Detailed Description

The investigators will conduct a Stage 1 randomized clinical trial evaluating the program in which 90 Spanish-speaking individuals with alcohol use disorder will be randomized to (1) standard outpatient counseling at the Hispanic Clinic (ST; typically consisting of weekly individual and group supportive counseling) or (2) CBT4CBT-Spanish as an adjunct to ST. Other aspects of the trial will parallel those in the investogators completed trial of the English version of CBT4CBT-Alcohol to facilitate comparability across studies. Treatments will be delivered over an 8-week period with a 6-month follow-up to assess durability and/or delayed emergence of treatment effects. The primary outcome measure will be percent days of abstinence (PDA) by week. Secondary outcomes include percent heavy drinking days and number of individuals with no heavy drinking days in the last 4 weeks of treatment.

Participants will be 90 individuals seeking treatment for alcohol use at the Hispanic Clinic of CMHC. The clinic treats a heterogeneous population, where 42% of those in the co-occurring treatment program report alcohol as their principal substance related issue and 43% are women. As reported above, the investigators have demonstrated the ability to recruit, randomize, retain, and follow-up high numbers of closely related samples in this setting.

Study Type

Interventional

Enrollment (Actual)

51

Phase

  • Not Applicable

Contacts and Locations

This section provides the contact details for those conducting the study, and information on where this study is being conducted.

Study Locations

  • United States
    • Connecticut
      • Bridgeport, Connecticut, United States, 06511
        • Midwestern Connecticut Council on Alcoholism (MCCA)
      • New Haven, Connecticut, United States, 06511
        • Cornell Scott - Hill Health Center
      • New Haven, Connecticut, United States, 06511
        • Hispanic Clinic of CMHC
      • New Haven, Connecticut, United States, 06511
        • Midwestern Connecticut Council on Alcoholism (MCCA)
      • New Haven, Connecticut, United States, 06511
        • Multi-Cultural Ambulatory Addiction Services (MAAS)

Participation Criteria

Researchers look for people who fit a certain description, called eligibility criteria.

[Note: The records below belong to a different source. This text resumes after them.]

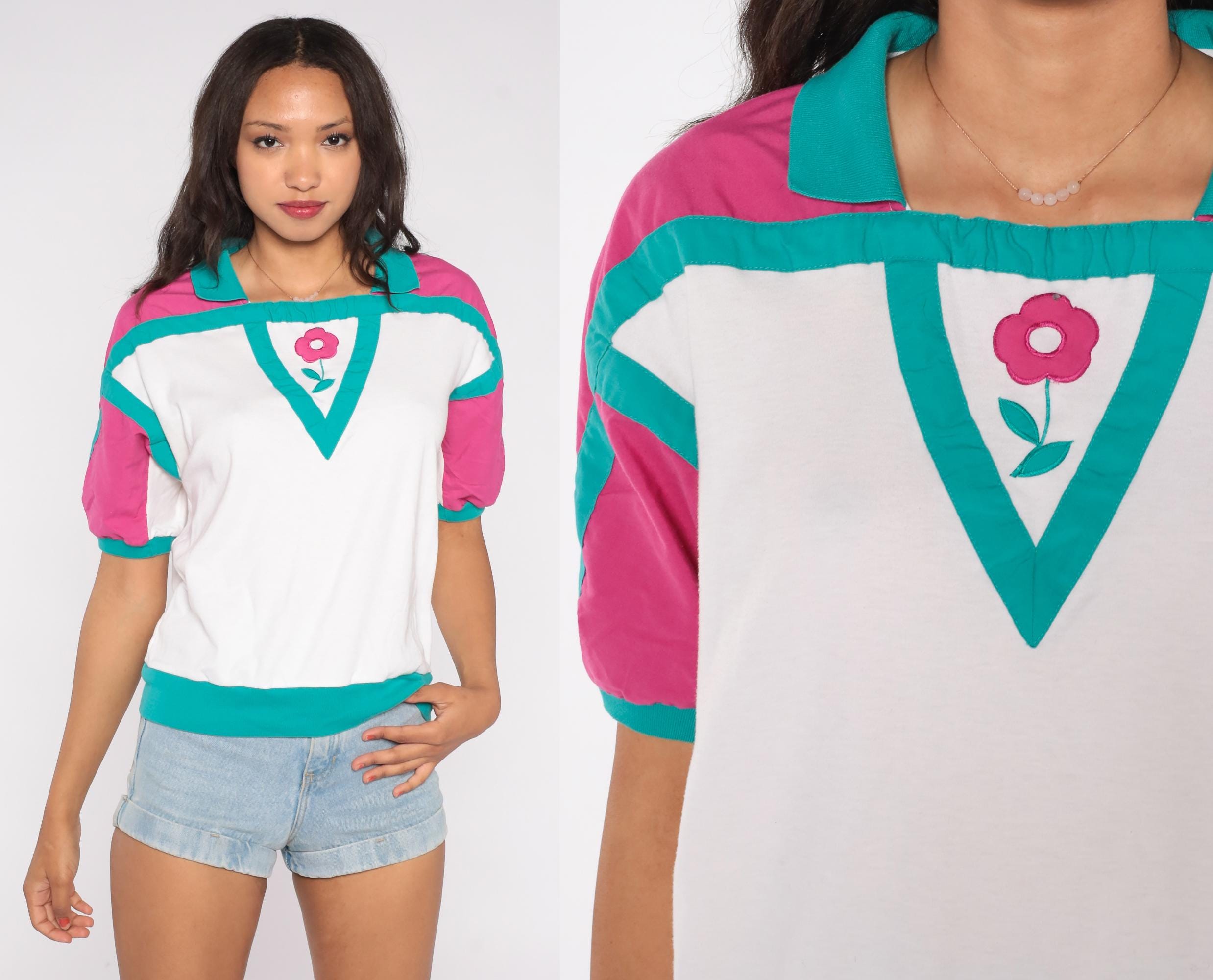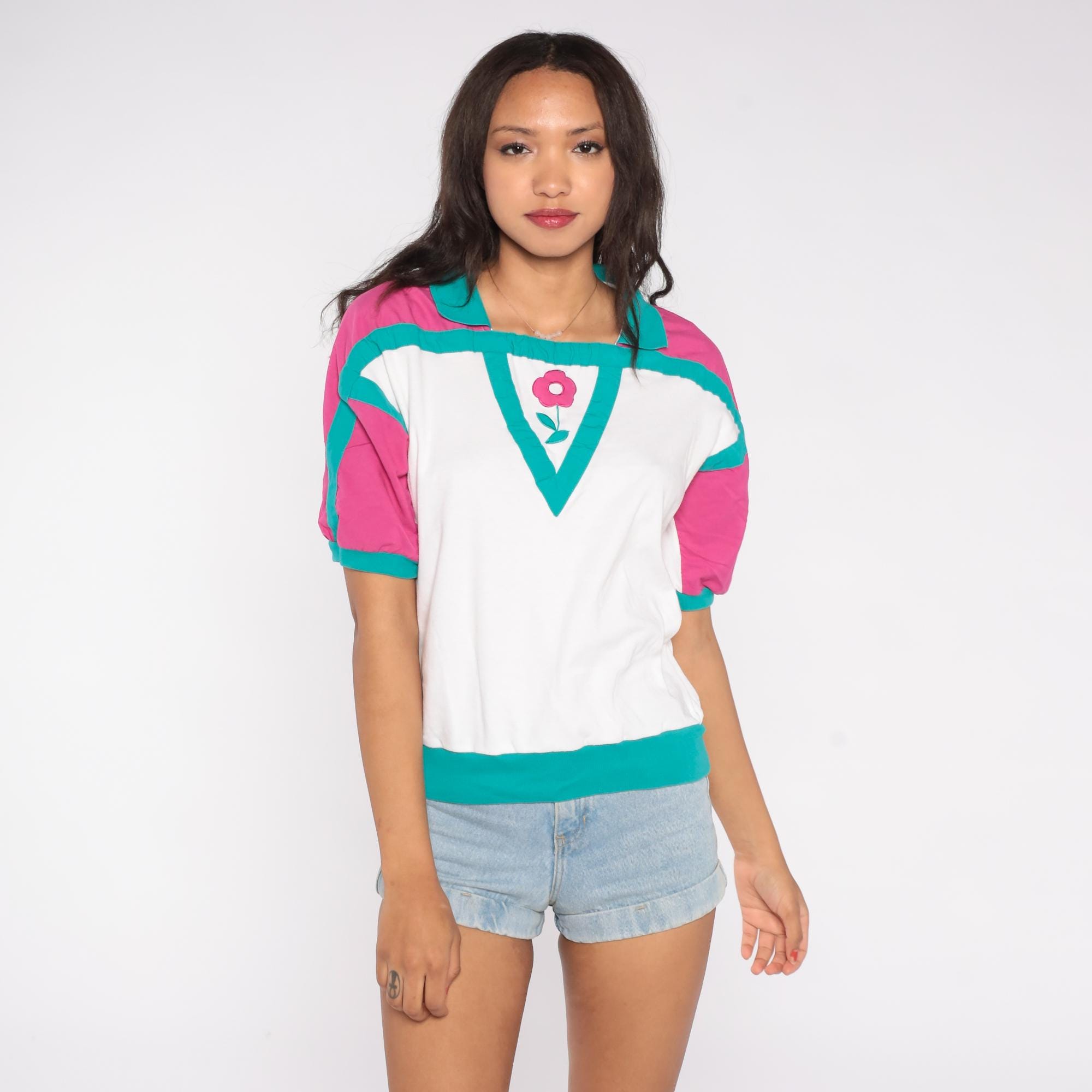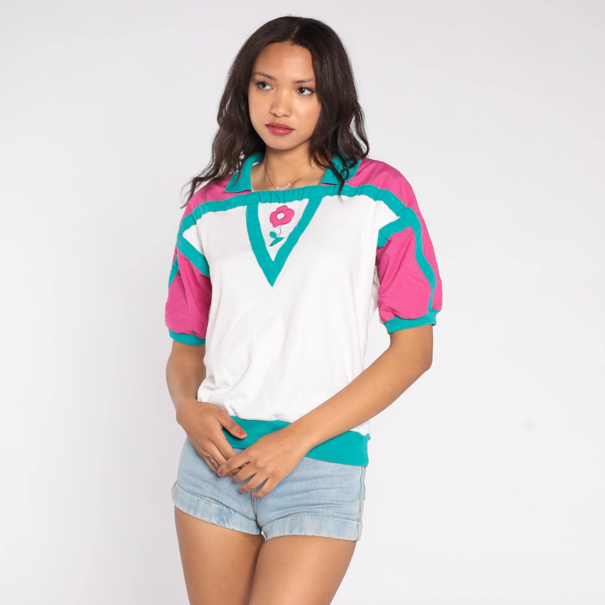 80s top from Pykettes showcases the bold color blocking that defined the era's aesthetic. The vibrant hot pink sleeves and collar contrast beautifully with white body and jade teal trim. The standout feature is the sweet pink flower appliqué centered in a teal triangular panel on the front - a charming feminine detail that softens the athletic design. Features include a comfortable polo-style collar, short sleeves with teal cuffs, and a matching teal banded hem that creates a slightly blouson effect.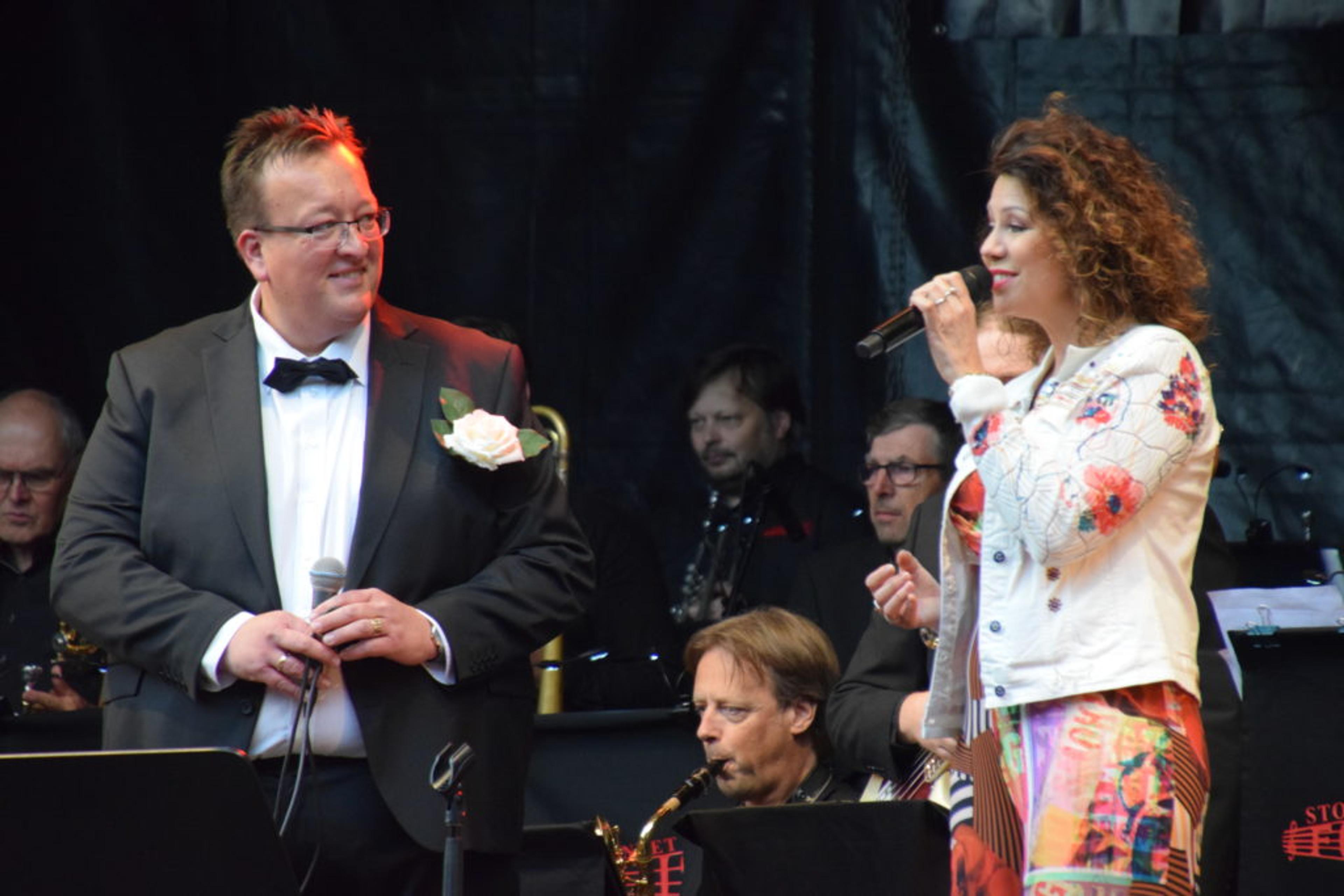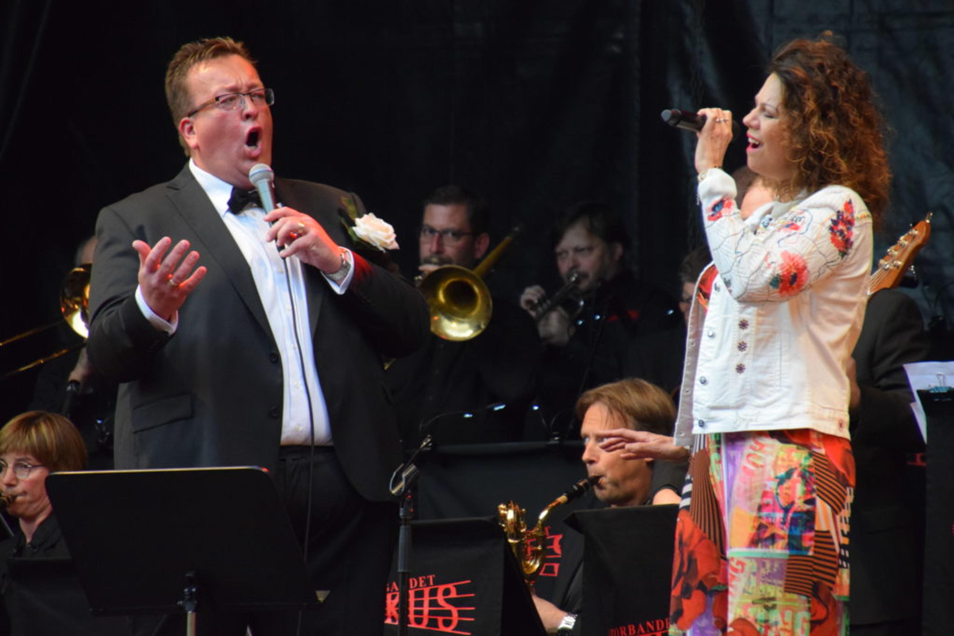DUETT: Jan Kristian Hverven og Trine Rein synger sammen The prayer, stødig backa opp av Storbandet Fokus. Foto: Stian Ormestad.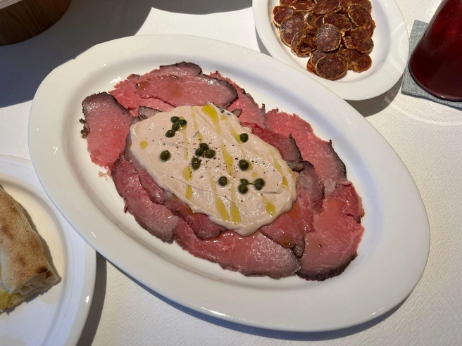 Виттело тоннато (1100) порадовал размерами, да и мясо было сочное, только я бы добавил тунцового соуса плюс несколько каперсов.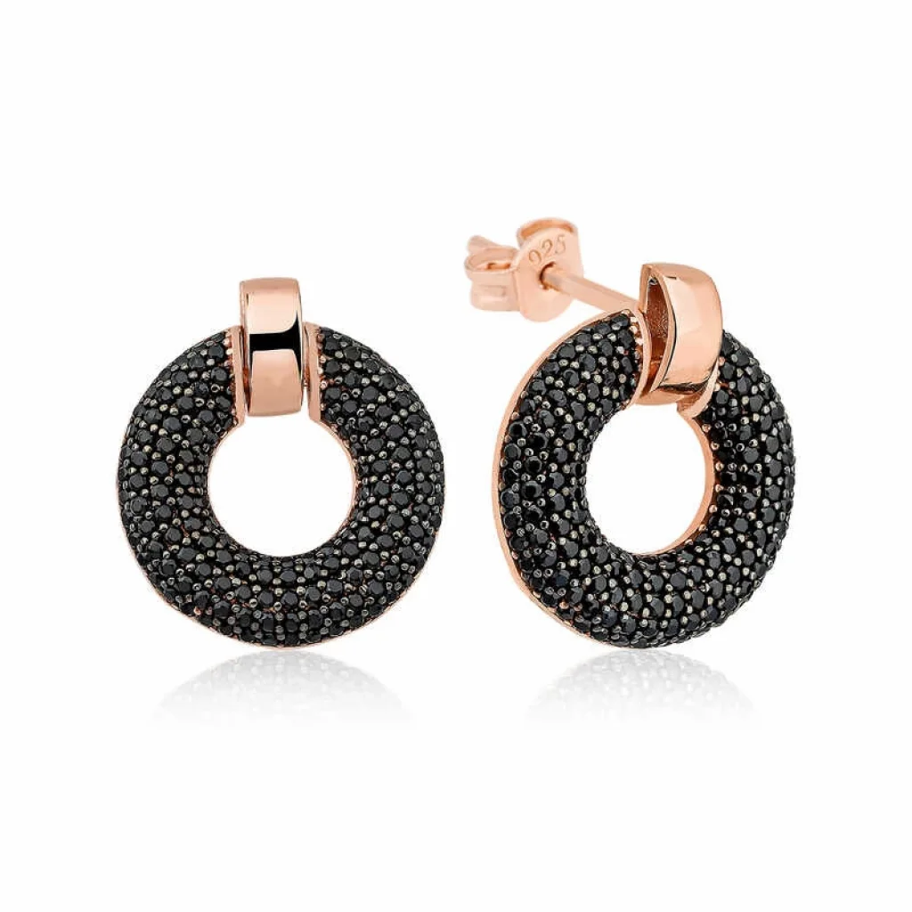 Günlük kullanımlara uygun minimalist modellerden, davetlerde kıyafetlerinizi tamamlayacak daha gösterişli tasarımlara kadar, gümüş küpeler her an sizlerle birlikte. Bu koleksiyonda hem kendiniz, hem de sevdikleriniz için mutlaka uygun bir küpe bulacaksınız. Bu şık siyah çok taşlı daire bayan küpe 925 ayar gümüşten imal edilmiştir. Gümüş üzerine rose kaplama yapılmıştır. Rose kaplama yapılan ürünler parlaklığını uzun süre muhafaza eder, gümüşü bakır rengine dönüştürür. Tüm bayan küpelerinde olduğu gibi gümüş siyah çok taşlı daire bayan küpe de el emeği ile üretilmiştir. Gümüş ve değerli taşlar nedeniyle ürün ağırlığında ± %10 sapma olabilmektedir.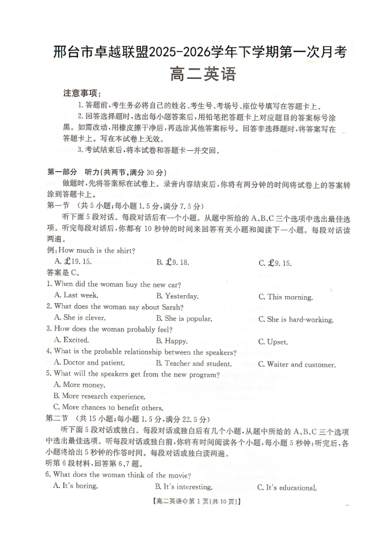 河北省邢台市卓越联盟2025-2026学年下学期高二年级第一次月考 英语.docx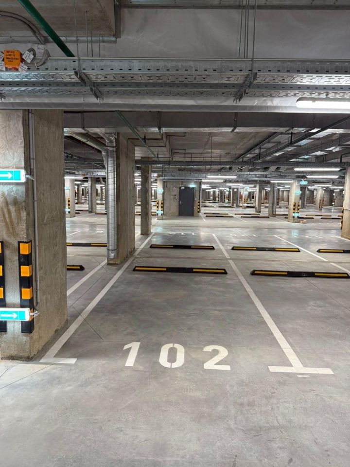 Расположено на уровне -1, рядом с подъездом 5. Спуститься можно по лестнице или на лифте; место одинаково удобно как для корпуса напротив, так и для других подъездов. Подземная парковка отапливается, удобный заезд и выезд на ближайшие улицы. Коммунальные платежи включены в стоимость аренды.Звоните — покажем оперативно.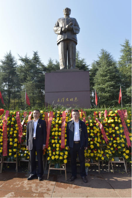 “东方红,太阳升,中国出了个毛泽东。”此程,学习团来到毛泽东同志诞生和成长的地方——韶山。在韶山毛泽东广场,毛泽东同志铜像庄严肃穆,在阳光的照耀下熠熠生辉。中共广东省食品医药行业联合委员会原书记、食品协会、医药协会创会会长张俊修,联合党委书记曾祥云,联合党委副书记、食品协会会长冯立科带领学习团全体成员怀着无比崇敬的心情,整齐列队于广场,缓步走向铜像,向伟人敬献花篮,深深鞠躬,深切缅怀一代伟人的丰功伟绩。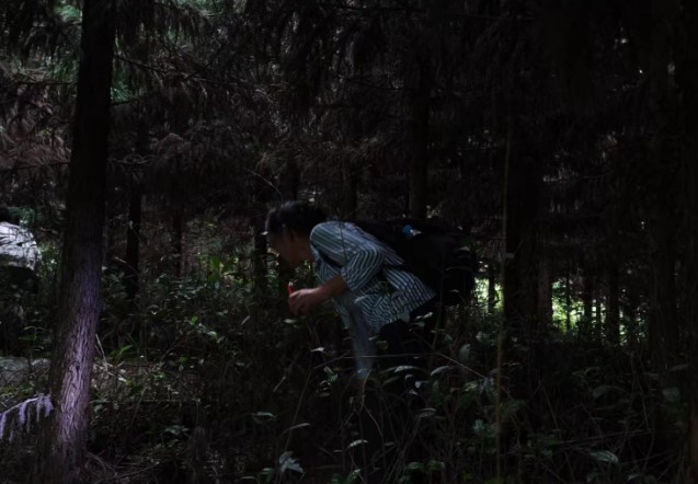 而突如其來的陣雨給下山路增添了不少麻煩,山路濕滑無比,一不小心便會摔跤。漸漸地,夜色開始籠罩大山,黑夜中的大山里時不時傳來各種鳥類怪異的叫聲,微弱的手電燈光是組員們在山間唯一的希望。中餐草草打發(fā)的組員們饑餓不堪,趕快分食了剩下的幾塊餅干充饑,靠著相互扶持和個人意志艱難走到了山下。時間的指針慢慢挪到了9點30分,組員們終于平安抵達山下,山腳邊等待著的車輛大燈,微黃的燈光在夜色中顯得如此溫暖、安定,心中的石頭這才算是落了地……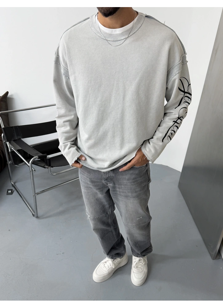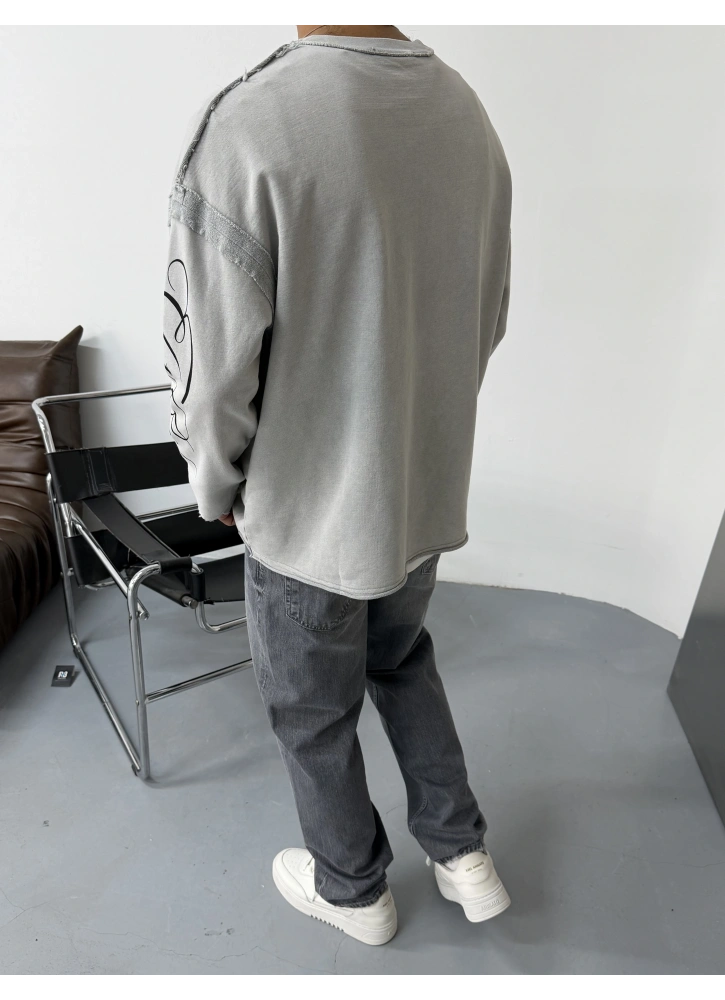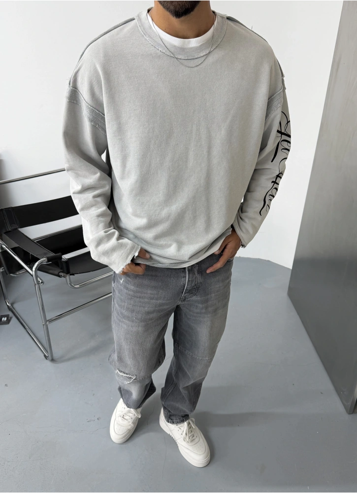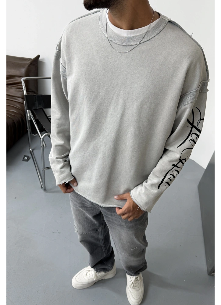 Gri Yıkamalı Kol Baskılı Oversize Sweat Hakkında

Some examples of these criteria are a person's general health condition or prior treatments.

Eligibility Criteria

Ages Eligible for Study

18 years and older (Adult, Older Adult)

Accepts Healthy Volunteers

No

Description

Inclusion Criteria:

  1. Are 18 years of age or older.
  2. Are applying for outpatient alcohol treatment, with some alcohol use in the past 30 days
  3. Speak Spanish as their preferred or principal (most commonly spoken) language.
  4. Are sufficiently stable for 8 weeks of outpatient treatment
  5. Can commit to 8 weeks of treatment and are willing to be randomized to treatment
  6. Are willing to provide locator information for follow-up.

Exclusion Criteria:

  1. Have an untreated bipolar or schizophrenic disorder
  2. Have a current legal case pending such that incarceration during the 8 week protocol is likely
  3. Meet DSM-5 criteria for another current substance use disorder (other than nicotine).

Study Plan

This section provides details of the study plan, including how the study is designed and what the study is measuring.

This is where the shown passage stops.